People With Cystic Fibrosis are NOT Expendable

Are we living in a world that is not adequately valuing our lives? We might be. Within the context of triaging care, our society is discovering that some of the very worst policies imaginable are still on the books.

“Policies and guidelines in five states — Alaska, Florida, Oklahoma, Vermont and Wisconsin — specify that patients with cystic fibrosis, a genetic lung disease that affects about 30,000 people in the U.S., should not be considered for a ventilator.”

Genetic discrimination is alive and well in this country.

It’s also not exclusive to the United States. It was reported that in the United Kingdom, “A [general practitioner] sent people with ‘significant life-limiting illnesses’ a letter saying they would “like to complete a DNACPR (do not attempt CPR) form” for them.” In other words, high-risk patients and families were being asked to sign what we call in the US a “DNR.”

The office that sent this letter likely did so because the National Institute for Health and Care Excellence (NICE), the English government’s arbiter on all things health related, had issued guidance in the middle of March to the nation’s doctors to inform triage decisions based partly on some patients’ underlying health via a rudimentary fitness evaluation called the “clinical frailty scale” (CFS). NICE suggests that if some patients score at or beyond the mid point, mildly frail, “there is uncertainty regarding the likely benefit of critical care organ support.” Physicians should further “take into account the impact of underlying pathologies, comorbidities and severity of acute illness on the likelihood of critical care treatment achieving the desired outcome.”

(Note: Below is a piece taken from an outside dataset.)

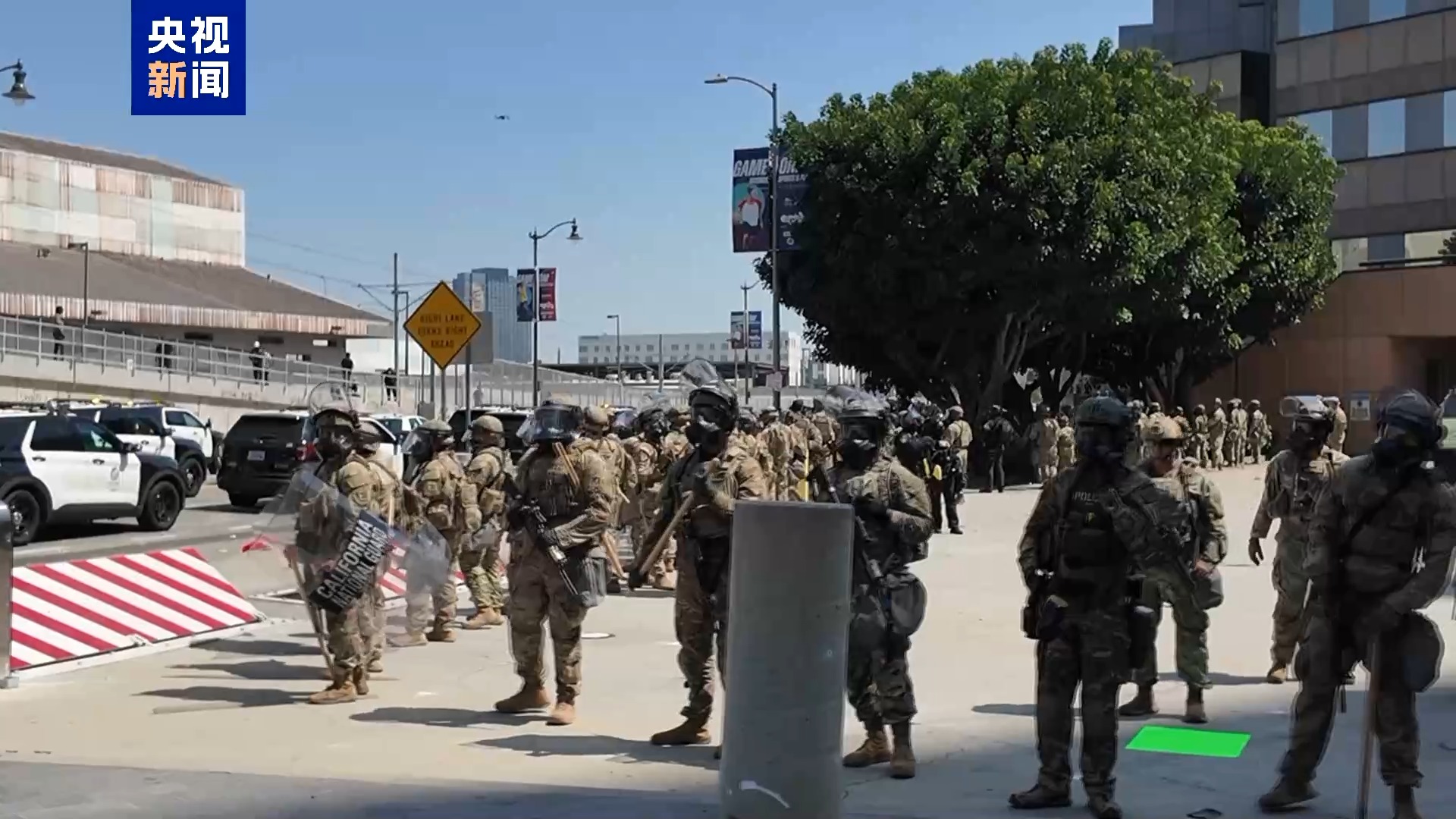 央視記者 劉驍騫:同時(shí),美國國民警衛(wèi)隊(duì)已部署在現(xiàn)場(chǎng)。這些荷槍實(shí)彈穿著迷彩服的士兵就是特朗普政府部署的國民警衛(wèi)隊(duì)隊(duì)員,他們?cè)趲讉€(gè)小時(shí)前,也就是當(dāng)?shù)貢r(shí)間8日上午入駐到這里。根據(jù)官方消息,目前已經(jīng)有至少300名國民警衛(wèi)隊(duì)隊(duì)員抵達(dá)洛杉磯。

Thankfully NICE quickly back peddled after disability activists pushed back. It has since rewritten some of the guidelines. NICE now admits using CFS is not appropriate in all cases.

Triaging cystic fibrosis patients away from care has been one of my primary fears since the beginning of the coronavirus pandemic. I am confident in my ability (and yours!) to stay safe from coronavirus disease. After all… we are CF patients and family members. We KNOW HOW to stay safe in the world of infectious disease.

My fear lies in the possibility that we are denied the chance to survive severe illness in a setting where resources are scarce – whether it’s from COVID-19 itself or in a scenario where we need care for a classic CF complication.

It’s for that reason I have tried to stand up to this nonsense. I wrote an op-ed calling for representation in this crucial issue.

“It is essential that hospital and government policymakers include people living with life-altering health conditions and disabilities at the decision-making table. Our voices cannot be left out of the discussion that yields the triage and rationing guidance handed to front-line physicians – the people who must implement these unimaginable choices.”

I also brought my message to the airwaves last week to levy support for our nation’s disability advocates in calling for equality in triage decisions.

It seems as though Alaska, Florida, Oklahoma, Vermont and Wisconsin stand ready to deny us that opportunity.

It’s important to recognize that frontline care providers do not establish these guidelines; rather they are in most cases handed down to them by government officials, or in some cases unelected hospital administrators or the curious profession known as bioethics. If you want to know what some leading bioethicists think about this, look no further than the New England Journal of Medicine or the New York Times. In the former, they conclude it is “justifiable” to remove a patient from a ventilator or ICU bed for the benefit of another patient. In the latter, they say, “Rather than spending eight hours caring for one extremely ill person with a bad prognosis, a doctor will contribute more spending one hour each on eight patients who can survive.”

This ableist garbage is what keeps me up at night. How can “experts” who have never lived through such a situation deem themselves informed enough to make these choices?

Bioethics begins and ends where decision-making and clinical recommendation usurps patient choice and the FUNDEMENTAL RIGHT TO SURVIVE.

I can’t believe I am writing this blog, but here we are. Be damn loud and demand that your state governments, local hospital administrations, and bioethicists do not push you to the side in a moment of crisis.